The persistence of life in frogs is very long. Spallanzani preserved some frogs in a mass of snow for two years. They became dry, stiff, and almost friable, but a gradual heat brought them back to life. Vulpian observed a return of life in frogs and salamanders that had been poisoned with curare and nicotine. In both cases the animals in question had been for several days in the condition of cadavers. Toads have been shut up in blocks of plaster, and then, having been deprived of all air except what may penetrate through the material, and of all sources of food, resuscitated several years afterward. This question presents one of the most curious problems that biological science has been called on to explain. The longevity and vital resistance of toads are surprising. Besides the experiments we have cited, Nature sometimes presents some already made, and vastly more astonishing. Toads are said to have been found in rocks. Such cases are rare, but it would be as unreasonable to doubt them as to believe in some of the miraculous explanations that have been made of the matter. The phenomenon is marvelous, it is true, but it is supported by evidence that we are not able to contest; and skepticism, which is incompatible with science, will have to disappear if rigorous observation shall confirm it. The toad was observed, in one case, in the stone itself, and before, recovering from its long lethargy, it had made any motion. One of these toads was presented to an academy, with the stone which had served it as a coffin or habitation, and it was ascertained that the cavity seemed to correspond exactly with the dimensions and form of the animal. It is remarkable that these toad-stones are very hard and not at all porous, and show no signs of fissure. The mind, completely baffled in the presence of the fact, is equally embarrassed to explain how the toad could live in its singular prison and how it became shut up there. The strangest ideas have been expressed on this point. The ridiculous hypothesis has even been proposed of an imperceptible toad-germ that was developed in the interior of the stone. The fact of the survival of the toad, despite the impenetrability of the stone, becomes less doubtful when we recollect the similar experiments on animals inclosed in plaster, which we have mentioned above. But the problem of the toad's introduction into the stone still remains unsolved.

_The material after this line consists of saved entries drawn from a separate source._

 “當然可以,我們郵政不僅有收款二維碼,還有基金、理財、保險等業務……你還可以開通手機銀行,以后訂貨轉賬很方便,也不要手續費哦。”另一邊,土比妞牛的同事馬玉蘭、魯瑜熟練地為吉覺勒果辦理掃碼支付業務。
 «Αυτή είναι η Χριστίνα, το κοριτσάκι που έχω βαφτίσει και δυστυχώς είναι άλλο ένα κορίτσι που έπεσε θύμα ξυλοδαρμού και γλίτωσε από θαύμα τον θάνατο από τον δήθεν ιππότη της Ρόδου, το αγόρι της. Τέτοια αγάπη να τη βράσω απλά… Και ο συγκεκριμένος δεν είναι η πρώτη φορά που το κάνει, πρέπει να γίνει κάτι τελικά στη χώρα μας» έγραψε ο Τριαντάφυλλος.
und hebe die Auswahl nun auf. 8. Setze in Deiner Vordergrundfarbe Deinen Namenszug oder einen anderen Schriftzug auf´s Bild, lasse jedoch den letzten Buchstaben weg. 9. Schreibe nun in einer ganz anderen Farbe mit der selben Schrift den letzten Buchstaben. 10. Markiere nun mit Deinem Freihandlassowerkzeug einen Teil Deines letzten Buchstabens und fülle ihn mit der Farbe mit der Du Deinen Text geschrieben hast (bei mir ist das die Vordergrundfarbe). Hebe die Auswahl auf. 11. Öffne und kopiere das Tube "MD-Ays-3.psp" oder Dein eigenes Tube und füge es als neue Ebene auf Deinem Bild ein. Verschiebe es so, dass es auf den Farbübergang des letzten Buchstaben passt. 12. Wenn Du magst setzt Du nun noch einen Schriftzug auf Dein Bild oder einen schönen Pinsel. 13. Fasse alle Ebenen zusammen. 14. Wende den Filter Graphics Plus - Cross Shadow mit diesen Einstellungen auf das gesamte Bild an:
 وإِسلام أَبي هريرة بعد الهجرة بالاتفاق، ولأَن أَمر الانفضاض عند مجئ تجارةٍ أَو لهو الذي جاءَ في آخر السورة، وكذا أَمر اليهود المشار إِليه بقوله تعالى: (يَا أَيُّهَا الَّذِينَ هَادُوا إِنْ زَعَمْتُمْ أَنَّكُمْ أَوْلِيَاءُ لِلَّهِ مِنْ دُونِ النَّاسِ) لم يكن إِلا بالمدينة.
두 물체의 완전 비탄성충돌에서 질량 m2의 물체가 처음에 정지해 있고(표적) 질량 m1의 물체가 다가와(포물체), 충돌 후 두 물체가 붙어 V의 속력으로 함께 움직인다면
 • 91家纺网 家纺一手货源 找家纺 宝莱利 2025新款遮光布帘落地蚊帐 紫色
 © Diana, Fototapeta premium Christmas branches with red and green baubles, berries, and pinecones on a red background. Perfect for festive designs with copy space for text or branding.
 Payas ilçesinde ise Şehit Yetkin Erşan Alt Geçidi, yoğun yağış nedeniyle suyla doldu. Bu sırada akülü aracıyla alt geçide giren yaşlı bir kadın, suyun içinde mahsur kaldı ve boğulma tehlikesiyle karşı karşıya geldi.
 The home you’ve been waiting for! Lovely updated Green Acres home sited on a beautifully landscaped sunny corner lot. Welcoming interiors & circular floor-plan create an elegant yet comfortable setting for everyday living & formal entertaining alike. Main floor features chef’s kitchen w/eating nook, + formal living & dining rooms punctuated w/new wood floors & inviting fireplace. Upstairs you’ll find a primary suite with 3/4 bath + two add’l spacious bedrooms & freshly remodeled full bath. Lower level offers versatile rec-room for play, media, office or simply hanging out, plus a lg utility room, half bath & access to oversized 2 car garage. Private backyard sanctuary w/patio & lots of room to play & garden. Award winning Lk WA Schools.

M. Charles Richet had occasion to study this question some months ago, and came to the conclusion that the fact was real, observing that even if, in the actual condition of science, certain phenomena were still inexplicable, we were not warranted in denying their existence, for new discoveries might at any time furnish an explanation of them. "The true may sometimes not be probable." But science takes accounting of the truth, not of the probability.

Hibernating mammalia are capable of putting on all the appearance of death. The marmot, during its lethargic sleep, is cold, the temperature of its body being hardly 1° C. above that without. It respires only three times a minute; and the beatings of the heart, which rise to ninety a minute in the active life of the animal, fall to ten in a minute. Bats, during the cold season, hang like dead bodies. One may take them in his hands, press them, and throw them into the air, without their manifesting any sign of feeling.—Translated for the Popular Science Monthly from La Monde de la Science et de l'Industrie.